The entries below contain a line with "Modern, ipari stílusú" and a line with "Bel ensemble d’inspiration". Retype exactly everything from the first down to the second, both included, and nothing else.

Dataset excerpts -
+---+

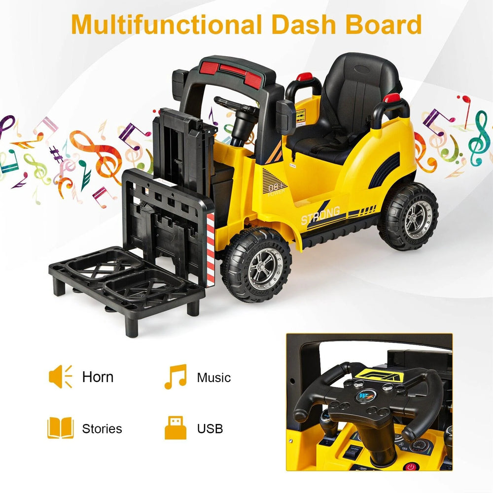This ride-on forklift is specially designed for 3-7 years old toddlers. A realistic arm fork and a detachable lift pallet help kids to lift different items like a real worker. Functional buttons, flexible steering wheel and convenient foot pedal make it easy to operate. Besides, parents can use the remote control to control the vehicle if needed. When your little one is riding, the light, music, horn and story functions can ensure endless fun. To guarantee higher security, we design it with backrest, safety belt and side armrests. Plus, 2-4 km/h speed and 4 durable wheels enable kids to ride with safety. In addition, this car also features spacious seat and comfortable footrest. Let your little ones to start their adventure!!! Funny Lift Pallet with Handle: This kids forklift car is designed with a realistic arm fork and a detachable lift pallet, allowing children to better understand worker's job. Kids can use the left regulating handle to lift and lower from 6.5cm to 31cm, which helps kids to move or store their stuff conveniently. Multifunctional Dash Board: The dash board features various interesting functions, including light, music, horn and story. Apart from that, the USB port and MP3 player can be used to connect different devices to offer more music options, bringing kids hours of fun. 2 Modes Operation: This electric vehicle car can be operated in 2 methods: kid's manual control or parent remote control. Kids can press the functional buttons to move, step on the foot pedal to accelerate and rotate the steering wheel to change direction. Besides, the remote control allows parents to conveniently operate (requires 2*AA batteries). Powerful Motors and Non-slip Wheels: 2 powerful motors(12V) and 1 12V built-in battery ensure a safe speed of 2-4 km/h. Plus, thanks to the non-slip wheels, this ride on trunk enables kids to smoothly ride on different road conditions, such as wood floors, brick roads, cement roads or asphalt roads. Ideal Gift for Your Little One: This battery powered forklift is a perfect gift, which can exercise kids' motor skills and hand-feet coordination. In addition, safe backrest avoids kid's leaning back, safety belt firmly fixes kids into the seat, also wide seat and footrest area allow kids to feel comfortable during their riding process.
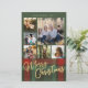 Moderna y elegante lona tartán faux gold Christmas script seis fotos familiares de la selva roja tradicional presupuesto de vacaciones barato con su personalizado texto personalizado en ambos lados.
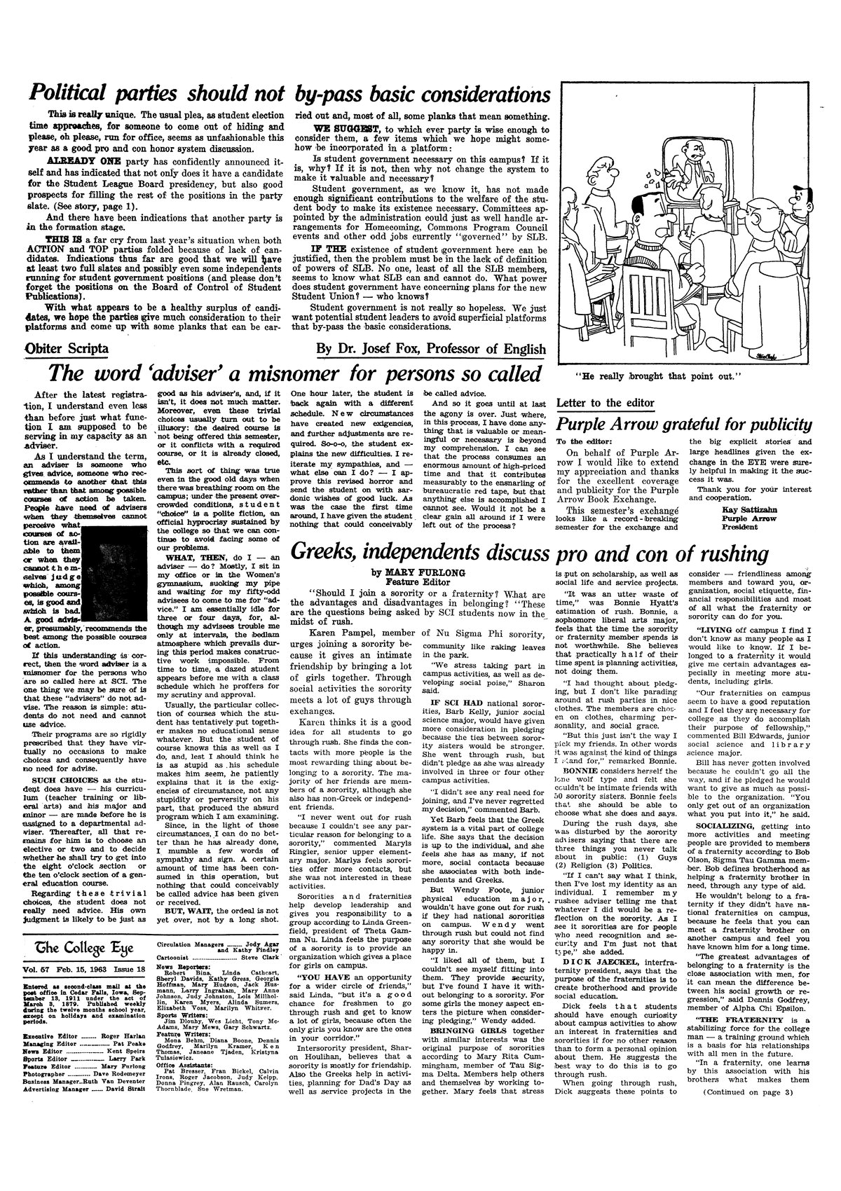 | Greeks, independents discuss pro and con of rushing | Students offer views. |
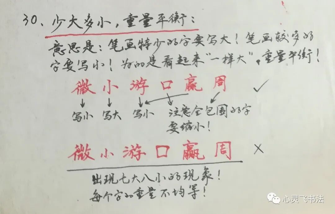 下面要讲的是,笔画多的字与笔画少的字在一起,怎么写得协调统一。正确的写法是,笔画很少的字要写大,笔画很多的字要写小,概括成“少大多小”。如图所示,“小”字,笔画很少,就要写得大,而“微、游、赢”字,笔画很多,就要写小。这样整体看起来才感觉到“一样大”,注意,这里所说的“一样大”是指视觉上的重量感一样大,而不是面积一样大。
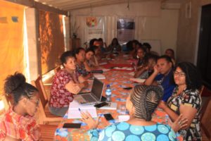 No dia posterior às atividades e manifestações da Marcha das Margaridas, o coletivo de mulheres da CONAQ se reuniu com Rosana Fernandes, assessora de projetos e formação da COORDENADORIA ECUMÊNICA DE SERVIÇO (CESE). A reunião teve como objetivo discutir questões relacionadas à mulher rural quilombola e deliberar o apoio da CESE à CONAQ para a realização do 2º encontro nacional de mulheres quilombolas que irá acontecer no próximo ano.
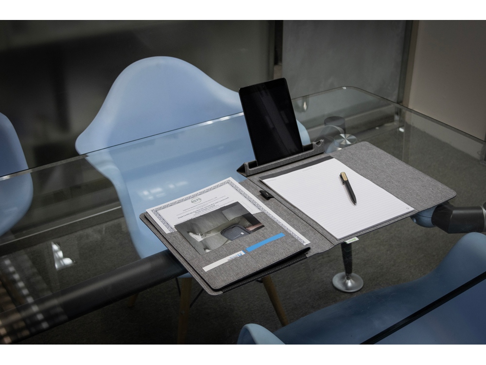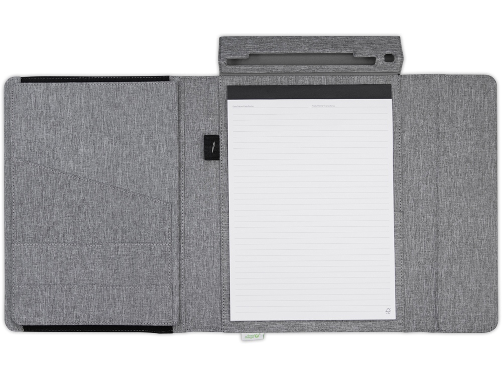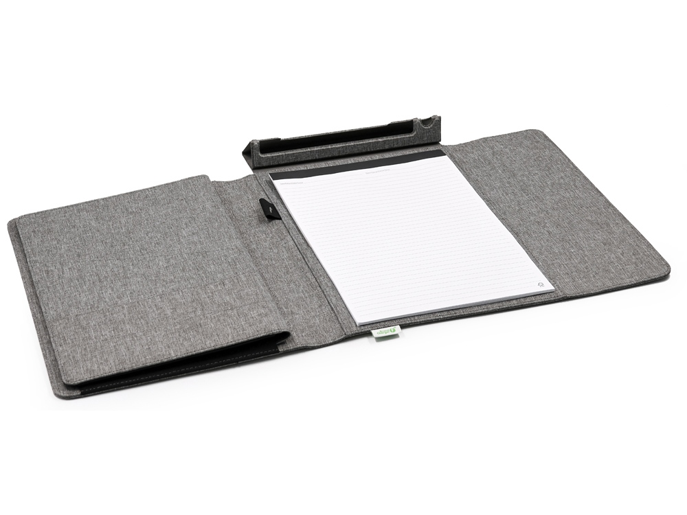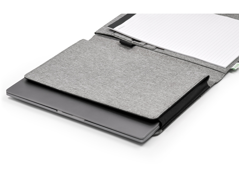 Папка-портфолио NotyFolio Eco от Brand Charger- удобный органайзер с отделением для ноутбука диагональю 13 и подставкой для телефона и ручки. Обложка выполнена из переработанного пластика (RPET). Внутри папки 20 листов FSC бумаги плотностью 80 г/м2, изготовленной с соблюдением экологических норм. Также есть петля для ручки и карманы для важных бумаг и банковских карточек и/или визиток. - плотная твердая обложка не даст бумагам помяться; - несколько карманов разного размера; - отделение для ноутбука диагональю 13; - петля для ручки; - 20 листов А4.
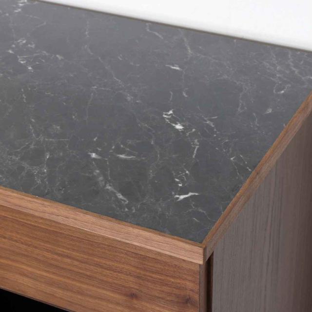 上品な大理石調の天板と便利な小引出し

+---+

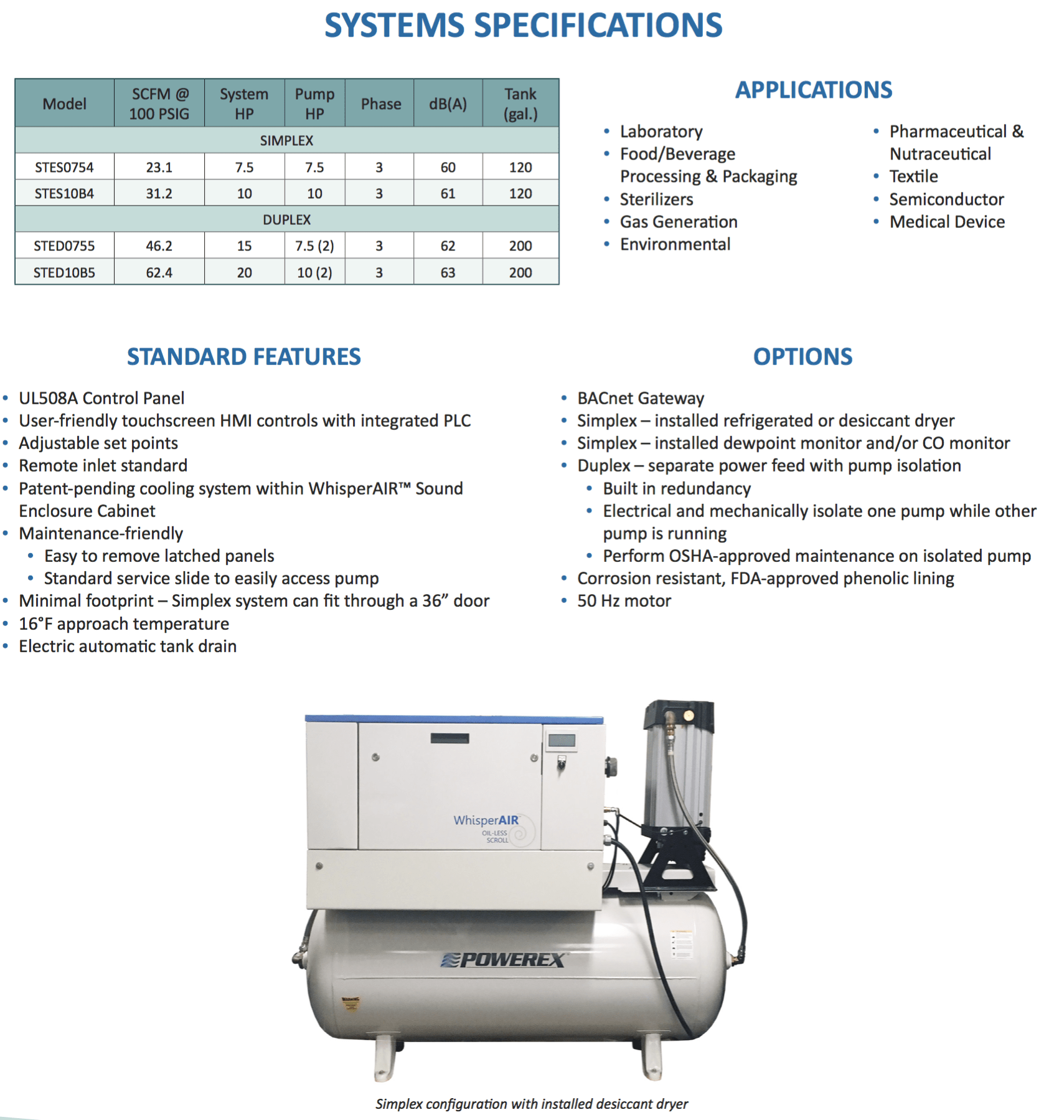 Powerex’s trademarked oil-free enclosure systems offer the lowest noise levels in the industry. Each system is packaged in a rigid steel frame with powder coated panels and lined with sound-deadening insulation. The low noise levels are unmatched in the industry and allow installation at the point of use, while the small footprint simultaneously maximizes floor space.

+---+

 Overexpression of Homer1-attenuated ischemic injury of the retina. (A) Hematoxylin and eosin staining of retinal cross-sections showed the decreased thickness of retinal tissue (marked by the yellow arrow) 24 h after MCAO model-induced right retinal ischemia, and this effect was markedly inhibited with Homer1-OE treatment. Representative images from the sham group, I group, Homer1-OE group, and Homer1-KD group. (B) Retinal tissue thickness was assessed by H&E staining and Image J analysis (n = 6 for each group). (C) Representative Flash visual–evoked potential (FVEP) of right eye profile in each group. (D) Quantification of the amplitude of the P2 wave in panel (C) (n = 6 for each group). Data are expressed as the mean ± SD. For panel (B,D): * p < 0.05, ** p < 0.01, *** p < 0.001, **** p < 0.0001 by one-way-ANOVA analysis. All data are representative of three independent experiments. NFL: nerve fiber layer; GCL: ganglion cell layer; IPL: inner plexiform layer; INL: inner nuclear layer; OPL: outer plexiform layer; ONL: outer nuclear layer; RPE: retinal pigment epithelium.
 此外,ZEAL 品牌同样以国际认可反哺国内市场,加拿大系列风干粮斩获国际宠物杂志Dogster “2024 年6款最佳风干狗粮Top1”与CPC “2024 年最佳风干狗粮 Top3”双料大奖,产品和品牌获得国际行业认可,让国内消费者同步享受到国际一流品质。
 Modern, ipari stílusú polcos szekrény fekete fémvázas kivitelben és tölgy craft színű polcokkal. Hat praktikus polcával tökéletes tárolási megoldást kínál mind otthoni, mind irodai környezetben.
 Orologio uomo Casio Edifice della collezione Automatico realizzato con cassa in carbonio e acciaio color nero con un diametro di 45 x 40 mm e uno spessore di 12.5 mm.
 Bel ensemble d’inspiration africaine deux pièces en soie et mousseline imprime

+---+

The completed task -
 Modern, ipari stílusú polcos szekrény fekete fémvázas kivitelben és tölgy craft színű polcokkal. Hat praktikus polcával tökéletes tárolási megoldást kínál mind otthoni, mind irodai környezetben.
 Orologio uomo Casio Edifice della collezione Automatico realizzato con cassa in carbonio e acciaio color nero con un diametro di 45 x 40 mm e uno spessore di 12.5 mm.
 Bel ensemble d’inspiration africaine deux pièces en soie et mousseline imprime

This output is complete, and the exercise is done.